Many move to Niagara from the GTA for cheaper housing, and approach the Niagara Region Anti-Racism Association (NRARA) for help with racism. Those who do told us they never saw this level of racism in Toronto or Brampton, where the province mandated anti-racism policies for police and schools. Yet many here think racism is a Toronto or Brampton problem. Two of those we helped moved back because of Niagara’s racism.

But we don’t have to take their word. Niagara Regional Police (NRP) officials told us there wasn’t data showing systemic racism in their force, even though their racial profiling data (where people are stopped without connection to a crime, renamed carding, street checks, and now Collection Of Identifying Information) showed police disproportionately stopped Black and Indigenous residents. Yet they refuse to formally drop the practice, saying it’s provincially regulated. Drinking and smoking are regulated too but that doesn’t mean you can’t quit.

It gets worse. Toronto’s police chief told his officers to brace themselves for embarrassment when the data on use of force by race, mandated by the 2017 Ontario Anti-Racism Act, came out showing force used against BIPOC people, especially Black, is way out of proportion to their population. But the NRP's May board agenda shows it’s even worse in Niagara, yet no such public sense of shame. Nearly one-quarter of instances of use of force in 2020 and 16 per cent in 2021 was against Black people, but the 2021 census shows Black people make up less than three per cent of the population. This is a Disproportionality Index (the term the independent experts used for the Toronto police) of six, which is 150 per cent of Toronto, using census data. For Middle Eastern people, the index is three times Toronto’s number.
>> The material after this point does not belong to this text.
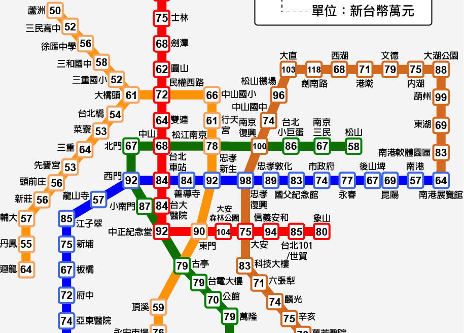 2014年統計我國每戶家庭平均所得為121.4萬元,高所得族群也傾向聚集於便利的交通和大眾運輸工具經過的地區,台北市有多個捷運站因有雙線經過被視為黃金地段,現在有一個數據搭配北捷路線圖告訴你每個捷運站附近住戶的平均收入,看出貧富差距。

The NRP met one of the demands of NRARA, to release the who, what, where and when details of police-reported hate crimes like they do for other crimes, but on easy things like ending racial profiling or adopting body cameras, which city after city in Ontario has done and the NRP has money set aside for, there is no action.

Niagara’s proportion of “visible minorities” (by the government’s definition this excludes Indigenous people) has increased from nine per cent in 2016 to more than 13 per cent in 2021. The proportion of South Asians has more than doubled to almost three per cent.
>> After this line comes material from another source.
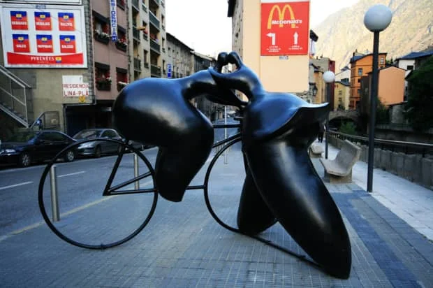 在游览中,我发现,国际化的东西来到安道尔之后便添加了几分地方特色,比如,安道尔的麦当劳的房子很特别,吸收了安道尔传统的建筑风格,用石头修筑的墙上嵌着麦当劳的显眼标志,仿佛在一幅古香古色的油画中涂抹了一道亮丽的现代彩妆。安道尔城本身就是一个令不同口味游客心满意足的地方。我徜徉在繁华的大街上,看着狭窄又弯曲的路两旁的时尚店铺,剩下的是就是纯粹的山和水,喷泉、牧场、遗留下来的罗马式建筑。

Even though we have a greater need for anti-racism, our governments are going in the opposite direction. Recently, the City of Niagara Falls tried to merge its anti-racism advisory committee into the diversity and inclusion committee. Thankfully city council unanimously decided against this after hearing from delegations. But this wasn’t the first time the idea of watering down anti-racism was proposed there. In St. Catharines, that was also the original proposal in 2019 but they also set up separate committees. However, with a couple of exceptions, the recommendations of this committee have sat with staff and been kicked down the road quarter to quarter without action. With the new council, all these recommendations, some easy to do and enjoyed by residents in other Ontario cities, have been wiped off the slate, bringing us back to square one. At the region, the corporate services committee directed staff to report back by Sept. 30, 2021 on launching an anti-racism committee. We are still waiting for that committee.

There are moral, equity reasons to remove the barriers of racism, but here is an economic one: McKinsey & Company consultant reports show a more inclusive and diverse community does better economically, and many of the large companies we want to attract won’t come if their diverse workforce isn’t welcome or safe. The 2017 Niagara Region Global Attractiveness Report says the same, if we needed more reasons to catch up on anti-racism.